# Solved: Windows Clipboard, Missing



## chuck-HD (Jun 4, 2005)

Hi, I went into my help files, trying to see how to find the clipboard. I did what it said, and the clipboard was'nt listed. It said if it was'nt listed it could be downloaded from a Windows download site. Does anyone know how to get to the download site to download the clipboard?


----------



## Rollin' Rog (Dec 9, 2000)

The file name is *clipbrd.exe* and would normally by found in c:\windows

If you have a Windows CD or cabinet files on the hard drive you can reinstall it by going to Add/Remove programs > Windows Setup > System Tools.

If it is checked first uncheck it and click "ok" then recheck it and "ok" again on that screen and on the previous.
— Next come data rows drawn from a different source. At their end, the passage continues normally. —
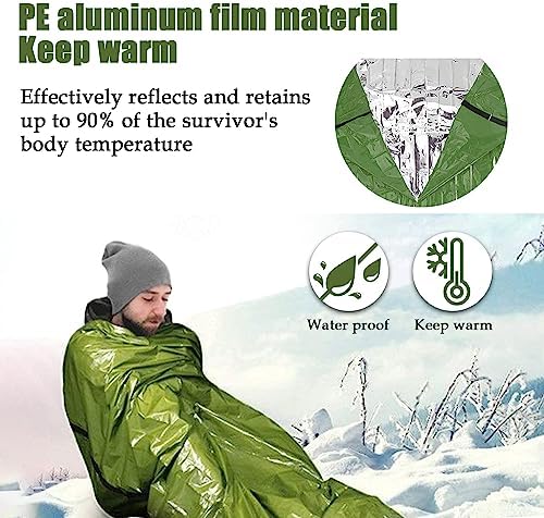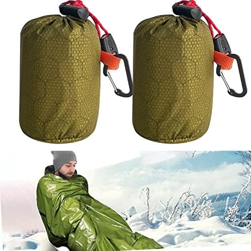 Emergency Survival Sleeping Bag 2 Pack Ultralight Waterproof Thermal Bivy Sack Moveable Survival Shelter Blanket Baggage with Whistle and Carabiner for Tenting Climbing Journey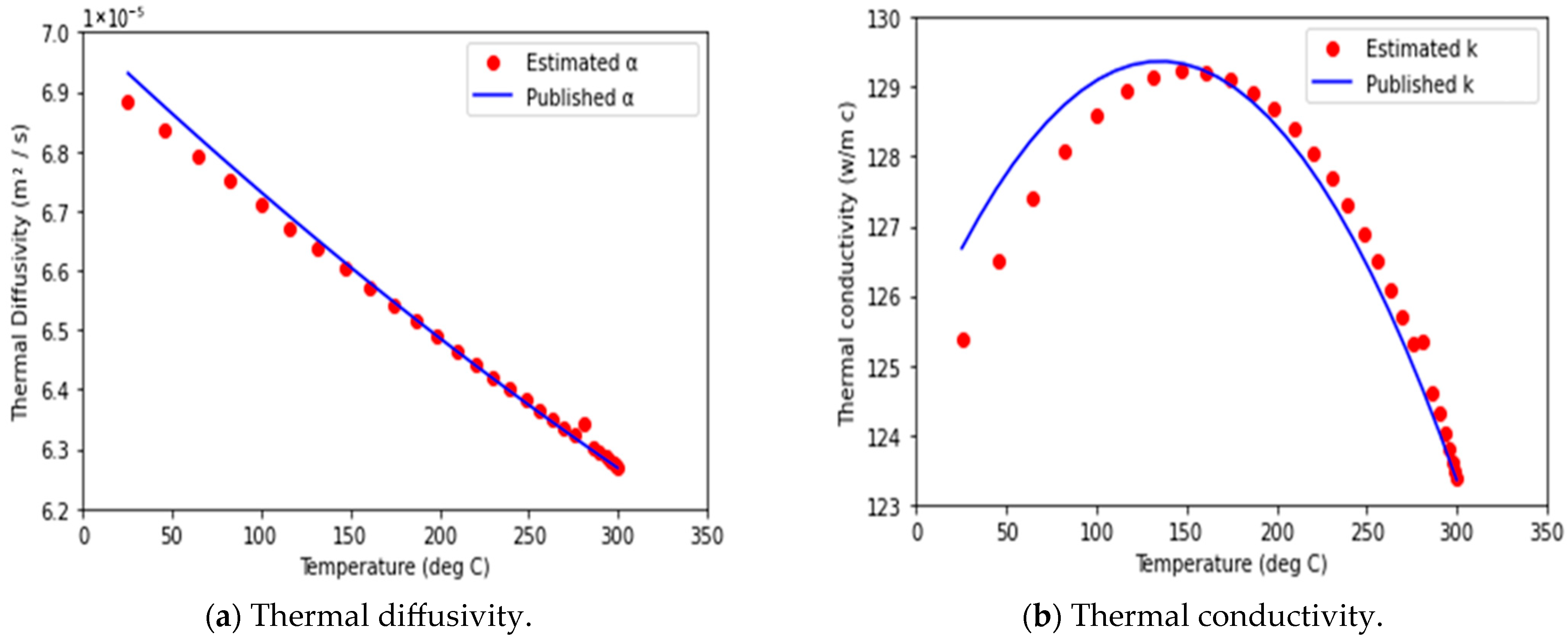 - Reoyo-Prats, R.; Grieu, S.; Faugeroux, O.; Claudet, B. A novel ANN-based method for simultaneous estimation of thermophysical properties using experimental photothermal data. Eur. Phys. J. Appl. 2021, 93, 10901. [Google Scholar] [CrossRef]
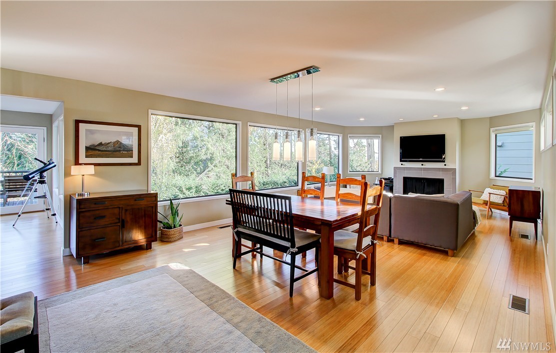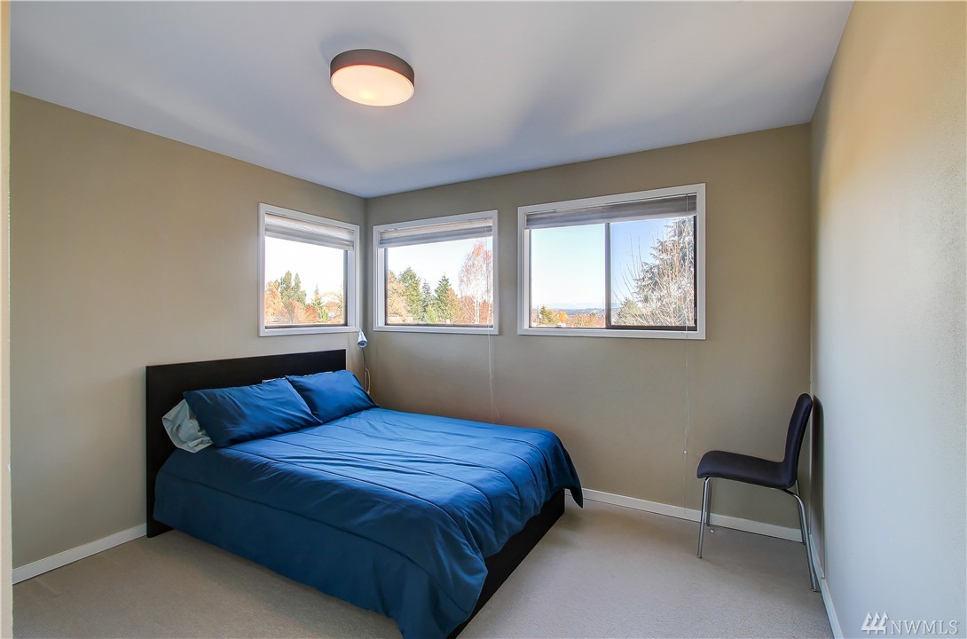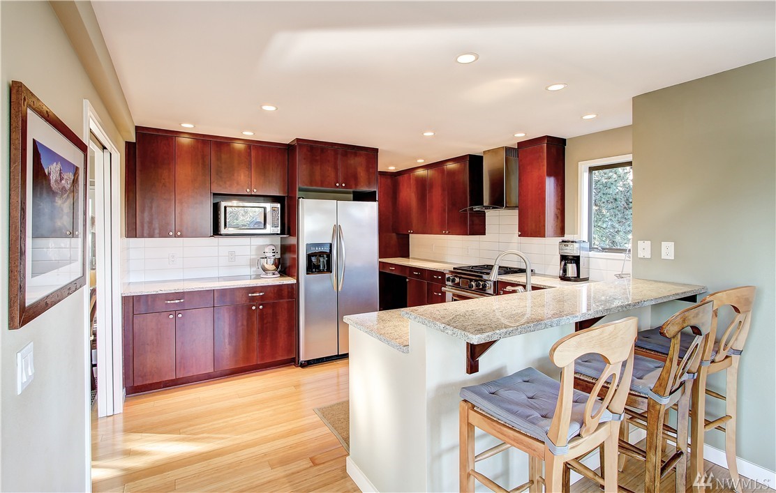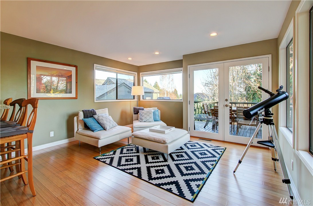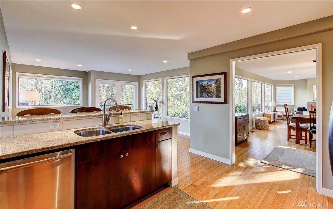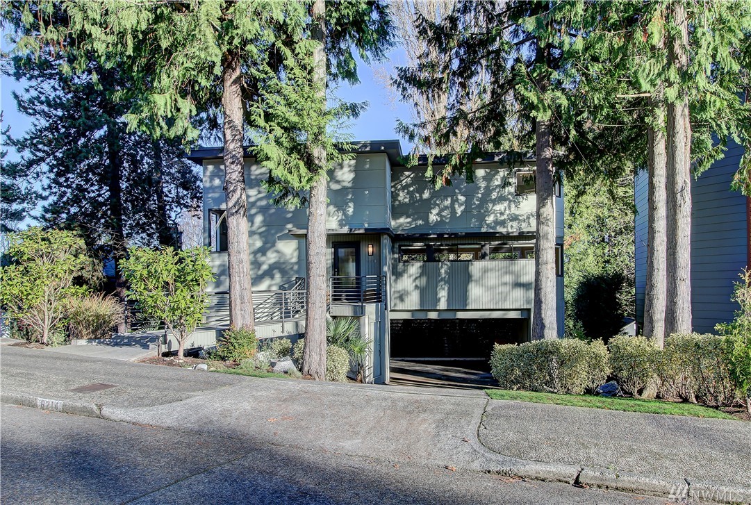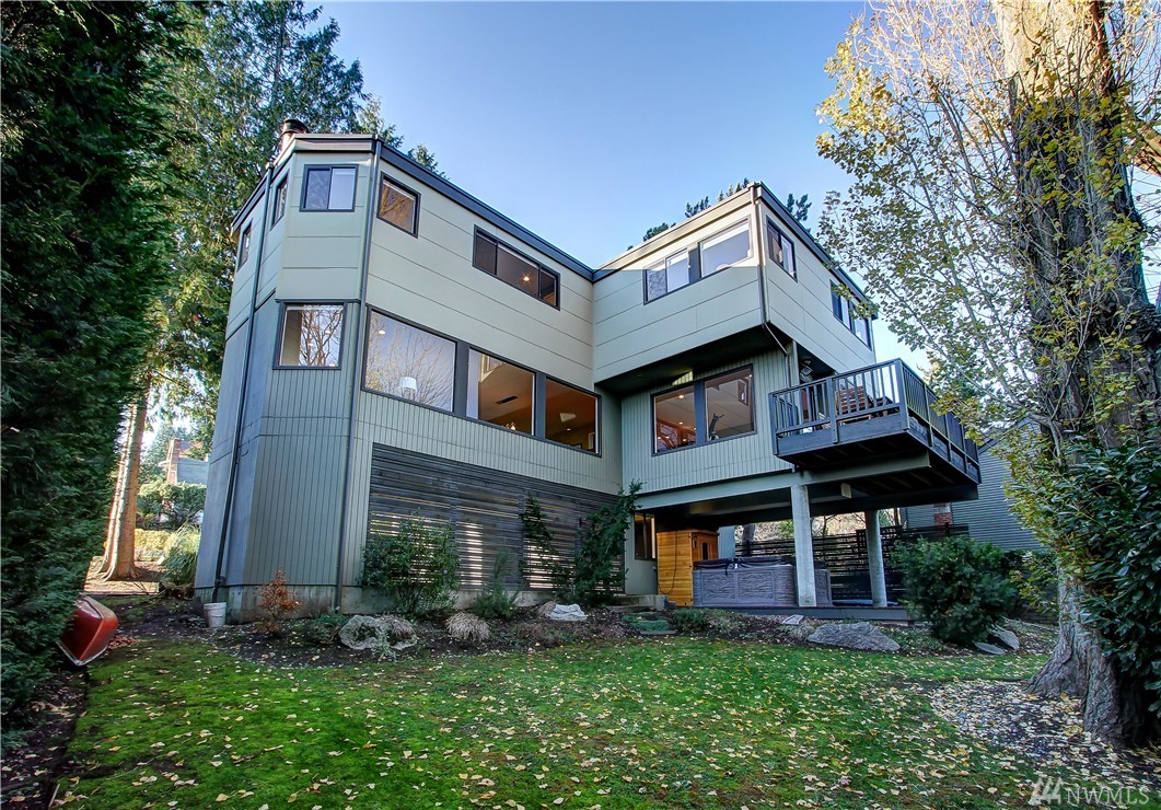 Hawthorne Hills Contemporary: loads of natural light yet mature trees provide privacy & tree house-like view. Main floor has open floor plan with bamboo floors, wood burning fireplace, updated kitchen w/ granite slab counters, stainless appliances, family room, deck, Cascade views, and 1/2 bath. Convenient laundry, 3 beds, full bath, and a master suite with 3/4 bathroom up. Rec room on the lower level, access to yard and 2 car car-port. Great access to lake/Magnuson Park and U-Village.

You should be prompted for a Disk or a location to reinstall from.

c:\windows\options\cabs is the typical Win98 location for installed cabinet files if you do not have the CD.


----------



## chuck-HD (Jun 4, 2005)

Thanks, Rollin' Rog, I'll do that. chuck.


----------



## chuck-HD (Jun 4, 2005)

Hi, Rollin' Rog, Tried reinstalling from disk, it came up with a bunch of error messages and said it could'nt access the file from the disk. chuck.


----------



## Rollin' Rog (Dec 9, 2000)

Chuck you marked the thread as "Solved" ... yes? no? 

There are 3rd party clipboard utilities available on the web that many consider superior -- though I don't bother with them myself.
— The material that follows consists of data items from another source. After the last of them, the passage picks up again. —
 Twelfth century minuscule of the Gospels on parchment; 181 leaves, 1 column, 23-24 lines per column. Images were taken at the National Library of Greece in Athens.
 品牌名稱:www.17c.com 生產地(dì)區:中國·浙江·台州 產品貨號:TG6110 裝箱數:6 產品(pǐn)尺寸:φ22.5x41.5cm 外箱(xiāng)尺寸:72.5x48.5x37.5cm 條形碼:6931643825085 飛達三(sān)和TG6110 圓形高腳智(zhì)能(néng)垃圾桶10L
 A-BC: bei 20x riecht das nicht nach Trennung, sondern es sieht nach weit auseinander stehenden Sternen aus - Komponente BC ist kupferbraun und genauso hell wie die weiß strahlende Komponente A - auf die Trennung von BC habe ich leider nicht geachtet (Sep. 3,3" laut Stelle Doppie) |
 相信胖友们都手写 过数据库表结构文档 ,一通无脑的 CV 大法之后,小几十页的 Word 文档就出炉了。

If you want I can probably upload a zipped copy of the Win98 version here for you -- when I'm not on XP.


----------



## chuck-HD (Jun 4, 2005)

Hi Rollin' Rog, Yes i marked the other one solved.
I guess i could try a third party clipboard, i can't seem to access mine even from the disk. Thanks, chuck.


----------



## Rollin' Rog (Dec 9, 2000)

Here you go, just download the attachment and unzip it to c:\windows

Then find it and right click on it and select Send To > Desktop as shortcut. You can drag and drop that on your Quicklaunch bar, which is how I use it.


----------



## chuck-HD (Jun 4, 2005)

Thanks, Rollin' Rog, I appreciate it. chuck.


----------



## chuck-HD (Jun 4, 2005)

Hi, I unzipped it, and now it's on quick launch, but everytime i click on it, it goes back to where i have to unzip it again. Am i doing something wrong?


----------



## Rollin' Rog (Dec 9, 2000)

It sounds like you did not actually move or copy it out of the zip container. Once you do that, so that the path is c:\windows\clipbrd.exe -- right click on that and create a new shortcut.


----------



## chuck-HD (Jun 4, 2005)

:up: chuck.


----------



## Rollin' Rog (Dec 9, 2000)

:up:


----------